1)Find the value of y in the equation;243×3^(2y)÷729×3^(y)÷{3^(2y-1)
2)When a shirt is sold at sh 126 a loss of x% is made.If the same shirt is sold at sh154,a profit ofx %is realized.Find the buying price of the shirt.
3)Towns A and B are 429 km apart.Two lorries departed from A at the same time travelling.Lorry X travelled at an average speed of 15 km\h less than Y and reached 1 hour and 24 minutes later.
a) Calculate the average speed at lorry Y
b)How far was X from A when Y reached B.
c)A van left B heading towards A at the time lorries X and Y left A.If the van travelled at an average speed of 90 km\h ,how far from A did it meet lorry Y.

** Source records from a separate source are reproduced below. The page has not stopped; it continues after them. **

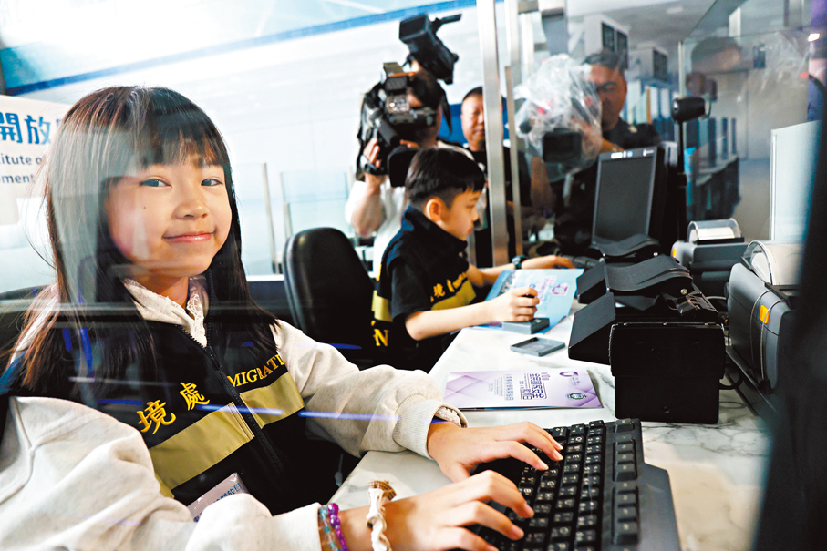 吳同學和陳同學穿上制服,在入境檢查櫃內有模有樣地「扮工」。吳同學表示,這是兩表兄妹首次近距離了解入境處工作,感到新鮮好玩又可增廣見聞,「剛才去看了模擬法庭,學到好多,這個入境檢查位也很好玩,和真的關口檢查一模一樣。」她說,經工作人員講解,了解到入境處在國安工作中的重要角色,可防止有潛在風險者進入香港。
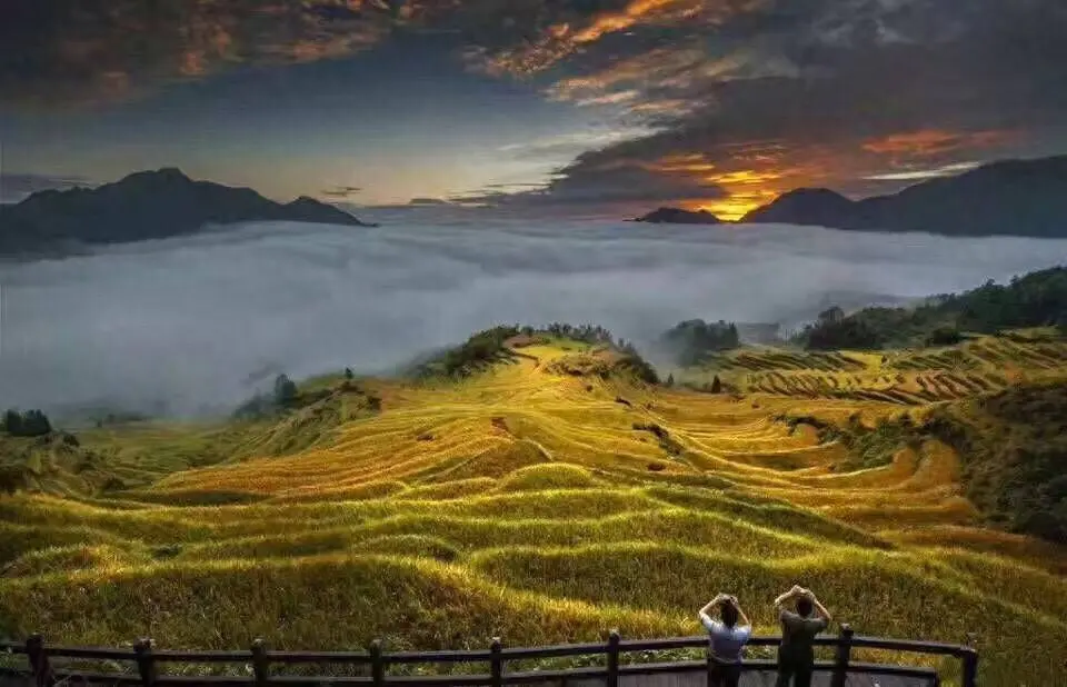 晨曦时的云海奇观,梯田和旁边的村庄云海的覆盖下,若隐若现,宛如置身缥缈仙境。中午天晴的时候,坝达、多依树观景点梯田在蓝天白云映衬下,五光十色,清风吹拂,波光粼粼。而日落时的老虎嘴观景点梯田在落日映照下如诗如画,让人生不出夕阳无限好只是近黄昏的感叹。
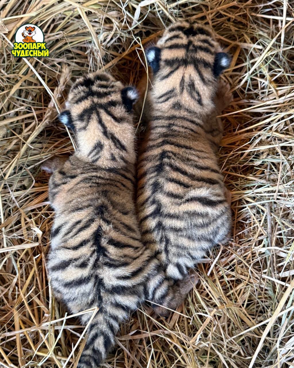 Тигрята, насколько известно, появились на свет 21 июня. Родителями стали Кристалл и Алмаз — это их первое потомство. Каждый из малышей, а это два мальчика, весит около килограмма. Котята чувствуют себя хорошо. У них прекрасный аппетит, заявили в зоопарке.

4)Mwangi and Otieno live 60 km apart.Mwangi leaves his home at 7 am, cycling towards Otienos house at 20 km\h.Otieno leaves home at 8 am, cycling towards Mwangis house at 8 km\h;
a)At what time did they meet?
b)How far is the meeting point from Mwangis house?
1 answer
So the equation becomes:
243*3^(2y) / 3^(3y+2) * 1 / 3^(2y-1) =
243/3 * 1/3^(y+2) * 3^(1-2y) =
81/3^(y+1) * 3^(1-2y) =
3^(2-3y)
Therefore, y = (2- log3(81))/3 = 1/3
2) Let's call the buying price of the shirt B. We know that selling at sh 126 incurs a loss of x%, so the selling price is 0.01x*B + B = 1.01*B. Now we also know that selling at sh 154 results in a profit of x%, so the selling price is 1.01*B - 0.01x*(1.01*B) = (1 + 0.01x)*1.01*B.
We can equate the two selling prices: 1.01*B = (1 + 0.01x)*1.01*B
Simplifying the equation, we get: 1 = 1 + 0.01x
Therefore, x = 0, which means there is no profit or loss. So the buying price of the shirt B is equal to its selling price at sh 126, which is sh 126.
3) a) Let's call the average speed of lorry Y V. We know that lorry X travelled at V-15 km/h, and that it took 1 hour and 24 minutes longer to arrive at B. This is equivalent to 1 + 24/60 = 1.4 hours longer. Using the formula distance = speed × time, we have:
429 = V * t
429 = (V-15) * (t+1.4)
where t is the time it took for both lorries to meet. We can solve this system of equations to find V:
429 = V * t
429 = Vt - 15t + V*1.4 - 15*1.4
Substituting the first equation into the second one, we get:
429 = 429 - 15t + V * 1.4 - 15*1.4
Simplifying, we get: V = 75 km/h
b) Lorry Y traveled at an average speed of 75 km/h, so it took them 429/75 = 5.72 hours to reach B. In that time, lorry X travelled (V-15) * (t+1.4) = 60.36 km less than Y. Therefore, X was 429 - 60.36 = 368.64 km from A when Y reached B.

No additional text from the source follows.